● **Activity**
After locating the line that contains "Рама зеркала выполнена" in the material below, copy that line and each one following it, exactly, up to the last line. Pictures stay out.

● **Information shown**
============================================================

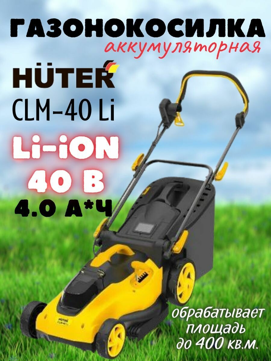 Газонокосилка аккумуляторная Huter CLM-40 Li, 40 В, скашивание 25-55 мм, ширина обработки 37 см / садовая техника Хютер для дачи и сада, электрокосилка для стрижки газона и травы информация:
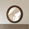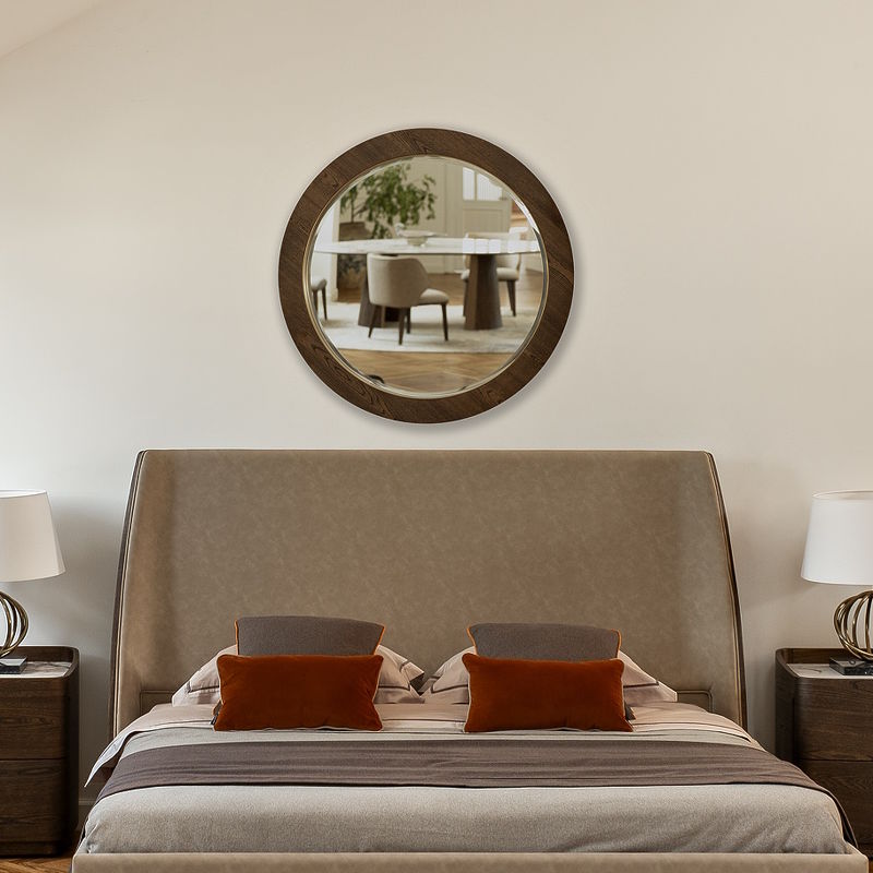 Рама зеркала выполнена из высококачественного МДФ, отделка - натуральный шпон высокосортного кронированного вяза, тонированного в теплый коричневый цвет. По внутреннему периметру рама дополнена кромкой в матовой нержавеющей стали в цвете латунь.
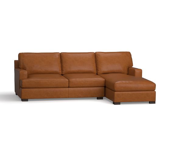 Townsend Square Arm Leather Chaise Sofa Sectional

============================================================

● **Output**
 Рама зеркала выполнена из высококачественного МДФ, отделка - натуральный шпон высокосортного кронированного вяза, тонированного в теплый коричневый цвет. По внутреннему периметру рама дополнена кромкой в матовой нержавеющей стали в цвете латунь.
 Townsend Square Arm Leather Chaise Sofa Sectional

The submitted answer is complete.